WL#2476: Fuzzy operations for fulltext

Affects: Server-7.1   —   Status: Assigned

Support fuzzy full-text searches. 
Maybe support soundex full-text searches too. 
 
This is not in the Full-Text Search TODO. I added it 
because FUZZY FORM OF is an SQL/MM operation, which 
both DB2 and Oracle support. 
    
Syntax    
------    
    
As stated already for other worklog entries: 
We will preserve MySQL's MATCH ... AGAINST syntax for    
the time being, changing it is not part of this task.    
 
To request fuzziness, one adds    
FUZZY FORM OF     
in the AGAINST expression. For example:    
    
SELECT * FROM articles    
WHERE MATCH (title)    
AGAINST ('FUZZY FORM OF "rain"');    
 
Perhaps this should match "rail" or "raid" 
(one letter differing at end). 
 
The SQL/MM syntax, which we won't support, would be: 
CONTAINS (handle, 'FUZZY FORM OF "rain"') 
 
The DB2 syntax, which we won't support, would be: 
CONTAINS (handle, 'FUZZY FORM OF [n] "rain"') 
where n is a number that indicates how close a 
match must be, with 100 meaning "must be exactly 
the same". 
 
The Oracle syntax, which we won't support, would be: 
fuzzy(term, score, numresults, weight) 
The Oracle manual's example is: 
...CONTAINS(TEXT, 'fuzzy(government, 70, 6, weight)', 1) > 0; 
 
The Fuzzy operation is applicable only for words, 
not phrases. 
 
For all worklog fulltext tasks which propose some 
wordy syntax, there will probably be an alternative proposal 
that requires a single special character. For example: 
AGAINST ('?rain') 
Since ? was the fuzzy operator in an early Oracle 
version, there might be some people who recognize it. 
Indeed this would be more compatible with current 
syntax, but I think somebody has already observed 
that we'll run out of special characters someday. 
 
The criterion 
------------- 
 
SQL/MM doesn't state what makes FUZZY FORM OF 
true or false.
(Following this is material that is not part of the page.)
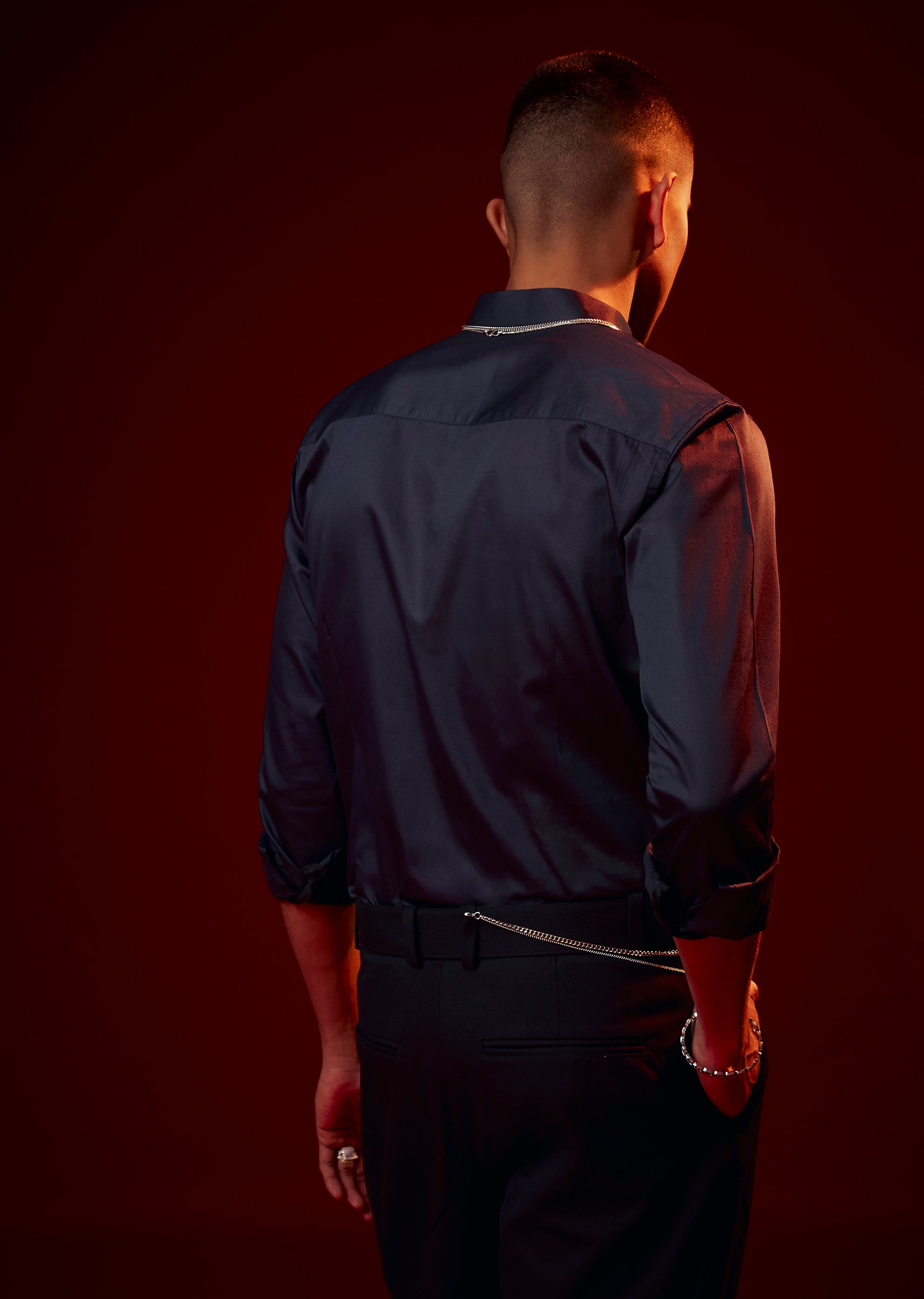 Pair with solid tailored trousers to let the shirt’s detailing stand out.

The SQL/MM document merely says 
"The equivalence is language dependent and 
implementation dependent." 
 
So let's follow DB2. The DB2 documentation says: 
 
"A [fuzzy search] is a search for terms that have a similar 
spelling to the search term. This is particularly useful 
when searching in documents that were created by an Optical 
Character Recognition (OCR) program. Such documents often 
include misspelled words. For example, the word economy 
could be recognized by an OCR program as econony. Note that 
the first three characters must match ..." 
 
So, when comparing word in query to word in document: 
(1) Word length must be the same 
(2) First three letters must be the same 
(3) 90% of following letters must be the same. 
 
To arrive at "90%", I picked a number out of the air. 
Remember that DB2 allows you to specify the minimum 
score as part of the query. 
 
Oracle has more capability, and apparently has a different 
search algorithm that involves storing fuzzy forms in the 
index, but I think imitating DB2 is enough. 
 
Soundex 
------- 
 
If it's convenient, do Soundex at the same time as fuzzy. 
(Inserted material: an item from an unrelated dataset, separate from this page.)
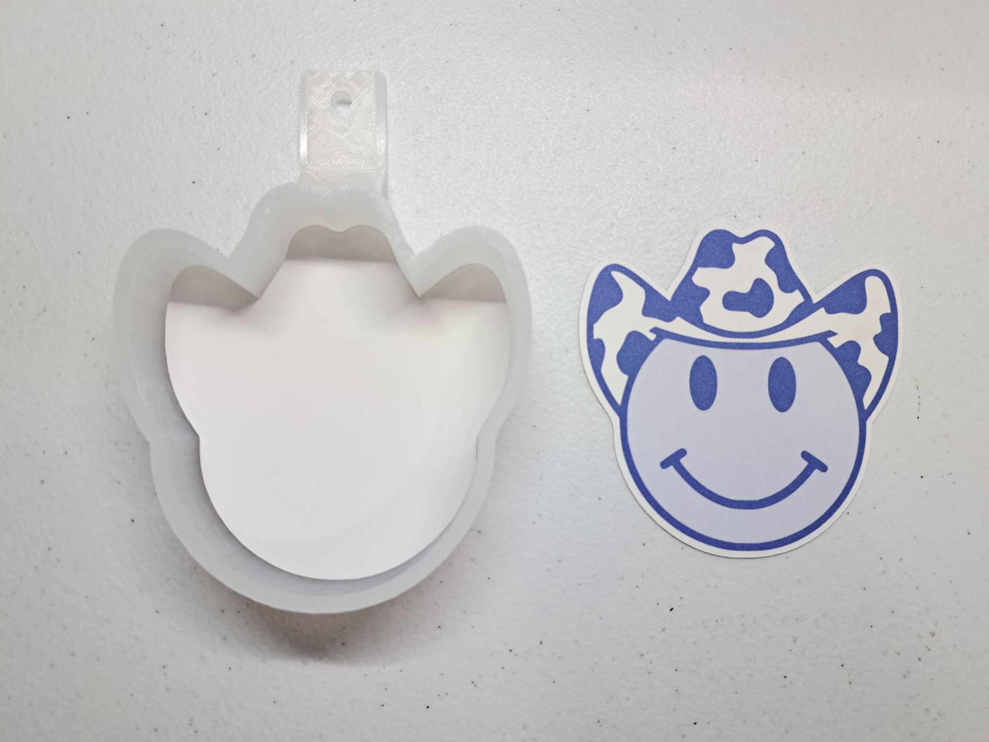 Smiley Face Cowboy Hat with Cow and Star Print/Disco Cowboy Multiple Colors cardstock silicone mold is 1 inch deep and heat resistant up to 400°. Mold size interior is approximately 3.9 inches tall and 3.78 inches wide.

If it's not convenient, move Soundex to a separate task. 
 
The syntax for Soundex is: 
SOUNDS LIKE  
However, Oracle allows '!word'. 
 
MySQL supports SOUNDEX(expr) and expr SOUNDS LIKE expr 
as described in the String Functions section of the manual, 
http://dev.mysql.com/doc/mysql/en/string-functions.html. 
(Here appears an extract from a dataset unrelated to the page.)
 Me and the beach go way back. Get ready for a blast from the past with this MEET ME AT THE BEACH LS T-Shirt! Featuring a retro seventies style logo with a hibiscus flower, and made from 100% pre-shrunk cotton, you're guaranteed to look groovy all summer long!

Doubtless one could use the same algorithm for full-text. 
 
References    
----------    
 
"[DB2] Net Search Extender Administration and User's Guide" 
http://safariexamples.informit.com/0131007726/PDFDOC/desf9e80.pdf 
 
"Oracle Text Reference: Indexing" 
http://www.stanford.edu/dept/itss/docs/oracle/9i/text.920/a96518/cdatadic.htm#CCREF0200 
 
"Fuzzy Lookup ... for SQL Server 2005" (not a full-text function description) 
http://msdn.microsoft.com/library/default.asp?url=/library/en-us/dnsql90/html/FzDTSSQL05.asp 
 
WL#2423 Stemming for fulltext 
WL#2428 Dictionary for fulltext 
WL#526 Implement DIFFERENCE() function (easy)